Wednesday’s session lasted about six hours. Four bills were discussed. One passed its preliminary reading, and three were defeated. The highlighted bill of the day that would put conditions for female army exemption on grounds of religious recognition was defeated. What passed was a bill that would force real estate brokers to disclose the transaction brokerage fees in the listing prices of both rentals and sales.

 

Non-Bills Summary

  • Deputy Defense Minister Vilnai (Labor), Homeland Security Minister Aharonovitch (Y.B.), Deputy Finance Minister Cohen (Shas), Environment Minister Erdan (Likud) and Interior Minister Yishai (Shas) all answered urgent queries at the start of the session.
  • Nine motions on the hot topics of the day were discussed. Eight of the motions were sent to various Knesset committees by the votes of: 19-0, 10-0, 8-0, 11-0, 10-0, 8-0, 4-0 and 5-0. One of the motions was not voted on and therefore dropped.

 

Bills Summary

Amendment to the Real Estate Brokers Bill

MK Akunis (Likud) explained his amendment would force real estate brokers to disclose the transaction brokerage fees in the listing prices of both rentals and sales of apartments and houses.

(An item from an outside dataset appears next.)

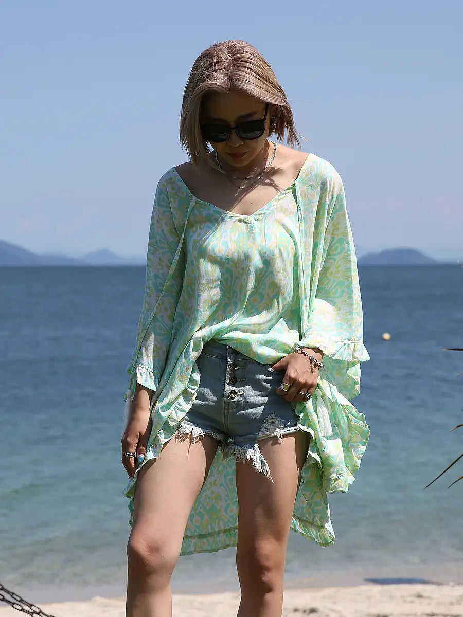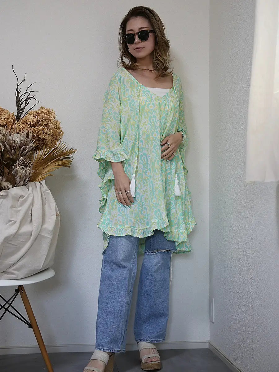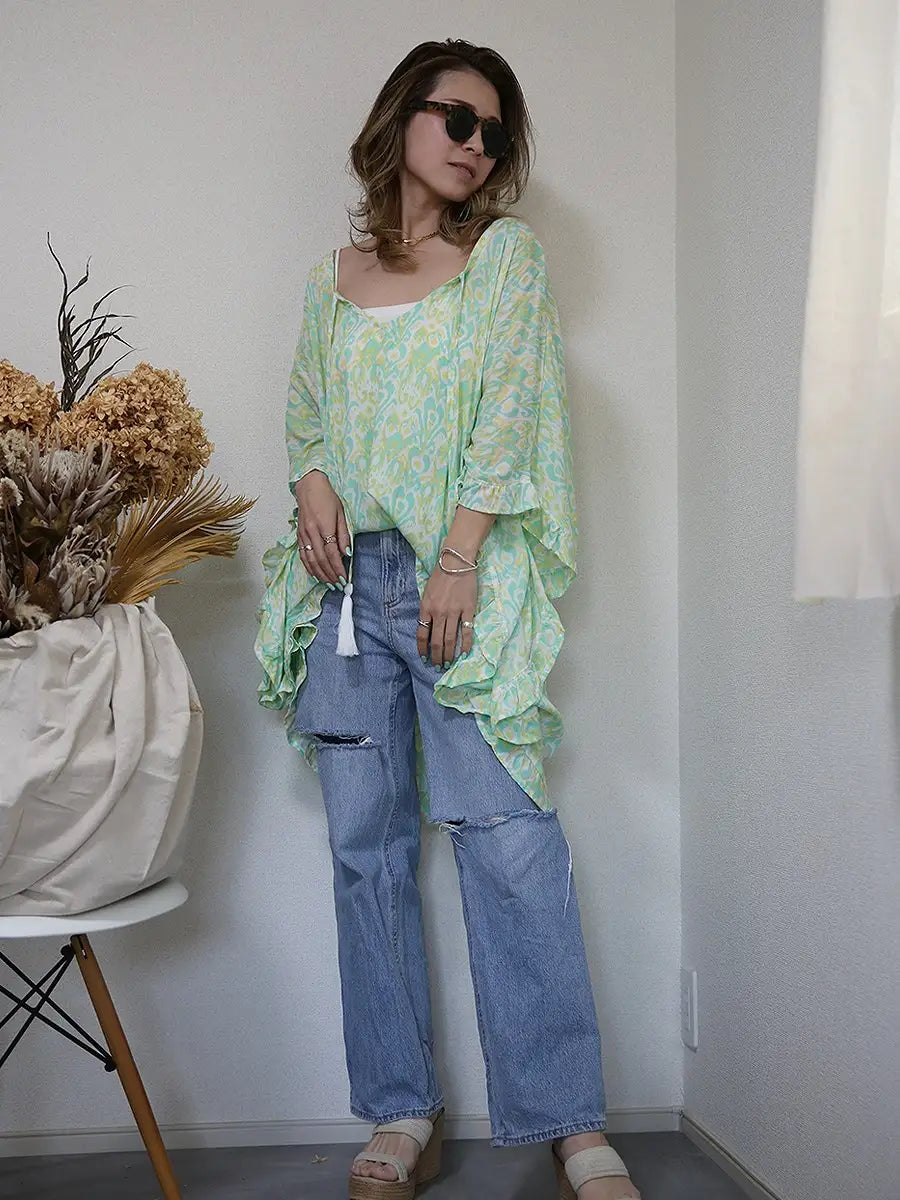 リゾートファッションの重要ポイントは着心地と着映えですが、こちらのチュニックはどちらも叶います。

Justice Minister Neeman expressed government support for the bill.

The bill passed its preliminary reading 29-0 and was sent to the House Committee to determine which committee will discuss the bill further.

Amendment to the Income Tax Ordinance Bill

MK Barakeh (Hadash) explained his amendment would present a tax exemption for corporations which employ the handicapped. He expressed that it is wiser to give tax free jobs to the handicapped, as opposed to giving them free government funds for not working. He cited a study that found that out of all western countries only South Korea gives fewer rights than Israel to the handicapped. He called this unacceptable.

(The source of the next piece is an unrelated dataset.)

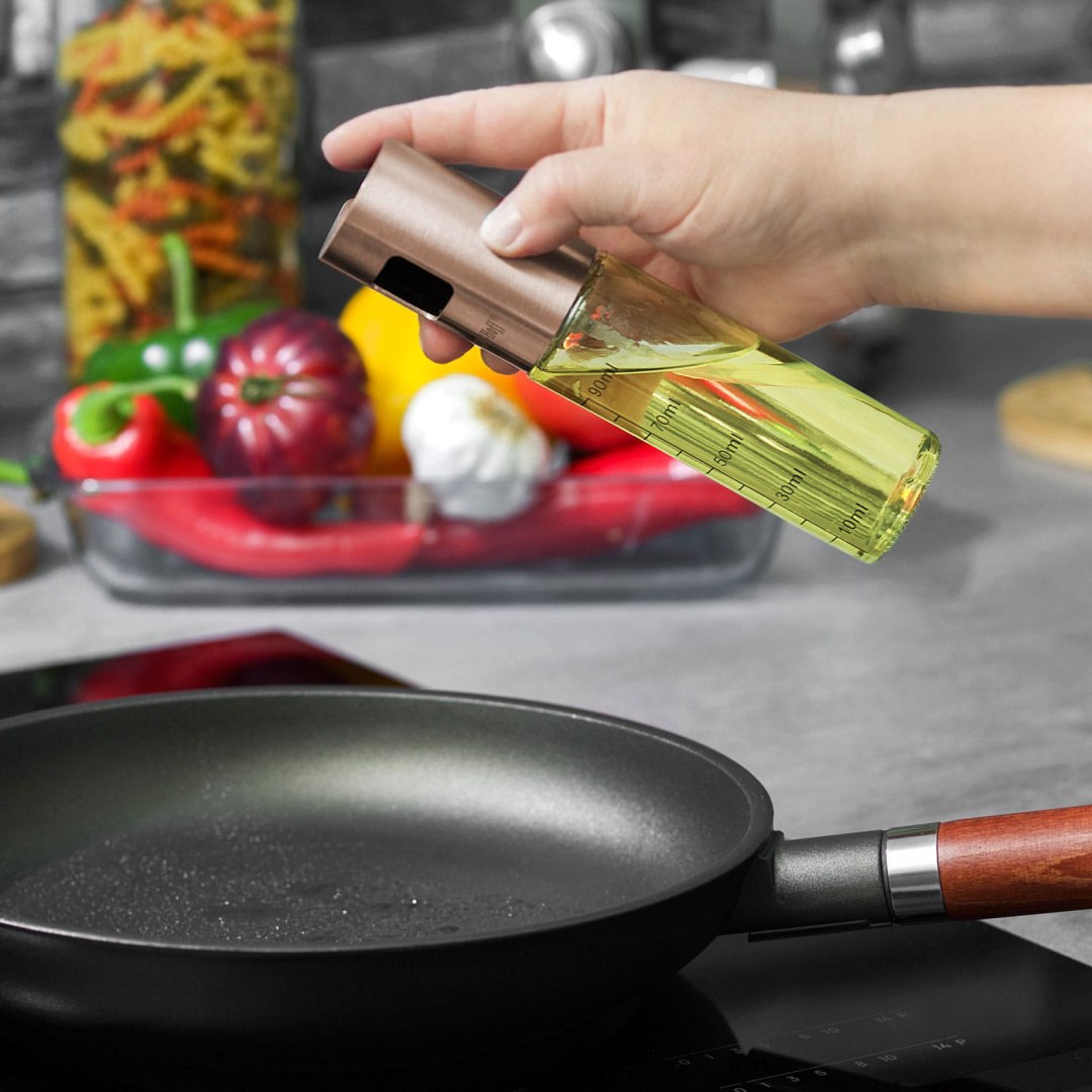 Szklany spryskiwacz do oleju 100ml z nakrętką Rose Gold. Precyzyjny atomizer, zdrowe gotowanie z mniejszą ilością tłuszczu. Idealny do oliwy i octu. Styl i funkcjonalność Kinghoff.

Deputy Finance Minister Cohen (Shas) expressed government opposition to the bill.  He stated that the handicapped in Israel have a higher employment rate than the rest of the population and therefore the government did not see a reason for the bill.

MK Barakeh expressed his disappointment with the government’s decision.

The bill was defeated 16-51.

Amendment to the Police Ordinance Bill

MK Solodkin (Kadima) explained that her amendment would require higher education as a condition for the recruitment of detectives to the police. She warned that Israel can’t call itself a modern country if they don’t expect their detectives to have a college degree.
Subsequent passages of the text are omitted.